Royal & SunAlliance (R&SA) will axe 200 jobs in a major reshuffle of its operating structure between next month and June 2003.

The insurer's small business, or enterprise, units will be cut from seven to two .

More Th>n's Birmingham site will be closed and intermediated personal lines business will be carried out from four centres instead of seven.

Management relationship locations will be reduced from 13 to nine.

The announcement came as brokers warned their clients about R&SA's uncertain financial state, in a bid to head off shocks like that of Independent Insurance's collapse.

Small business offices will close in Liverpool, Leeds, Manchester and Hertford, but remain in Birmingham and Glasgow, with a satellite office in Belfast.

More Th>n will close in Birmingham, but will recruit more staff at its Bristol, Liverpool, Sunderland, Peterborough and Ipswich sites, using employees dropped from the personal lines intermediated sites.

Personal intermediated business will no longer be done in Glasgow, Liverpool and London, although it will remain in Bristol, Halifax, Leeds and Oldham.

Some of the More Th>n staff from Birmingham will be placed in the small business teams.

Customer accounts will be moved from 16 locations into offices at Birmingham, Halifax and Leeds.

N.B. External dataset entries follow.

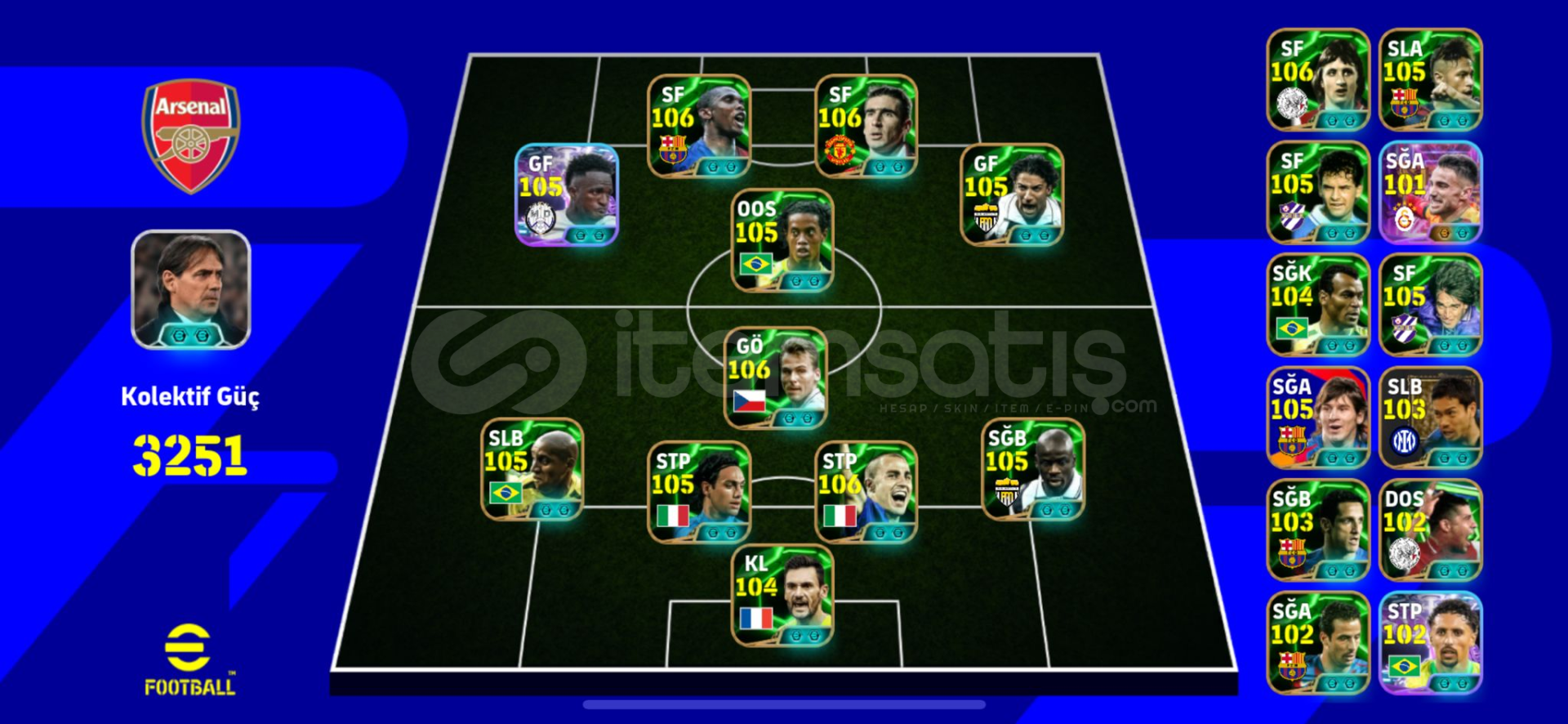 MAX 3253KGTEK BAĞ KONAMİ İDSAVUNMA HATTI OYUNUN EN İYİLERİYLE DOLU..!!!!!HÜCUM HATTI FENASAL HER ŞUT GOL..!!!!PİKE YAPAN ORTACILARLA DOLU..!!!YERİNE ORTA YAPAN OYUNCULARDA VAR..!!!8 TANE PARALI HER BİRİ EFSANE TD VAR..!!!İOS ANDROİD BAKILMIŞTIR TEK BAĞ KONAMİ İDGİRİŞ HAKKI VARBÖLGESİ TRDİLİ TR80MC VAROYUNCULAR PARALI OLAN VE OYUNUN EN İYİ KARTLARINDANDIRFIRSAT HE...
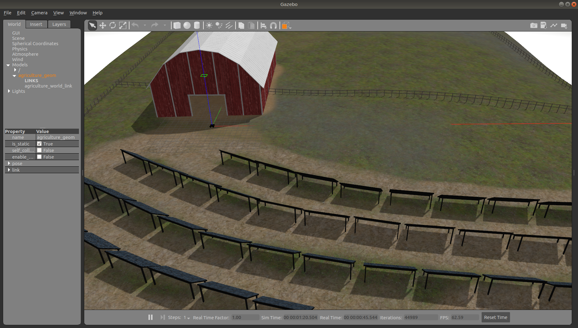 Agriculture World is a flat, mixed indoor/outdoor world that include a large barn, open fields surrounded by fences, and a large solar farm. It is intended to simulate missions such as solar panel inspection and area coverage.
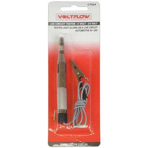 The Circuit Tester 6, 12 & 24 Volt – Brass/Metal Housing – Voltflow is a robust and versatile tester ideal for automotive electricians. Featuring a brass and metal housing, it is designed to withstand tough conditions. The tester is capable of testing 6, 12 and 24 volt systems, making it a great choice for a wide range of automotive applications.

Glasgow will see most of the job losses.

R&SA UK chief executive Duncan Boyle said the moves would improve focus, efficiency and long-term stability, reshaping the business to better compete for business.

However, they are likely to make brokers that are already concerned about R&SA's stability even more wary.

When the enterprise centres were launched in July 2000, they were promoted as a display of R&SA's commitment to small business brokers.

"The insurance world is buzzing that the unit at Leeds has closed," one local broker said.

"Brokers are getting nervous about putting business with R&SA as it is, so this won't help."

Another said that brokers were covering themselves by warning their clients that they should not accept R&SA's ratings at face value, following the Independent debacle.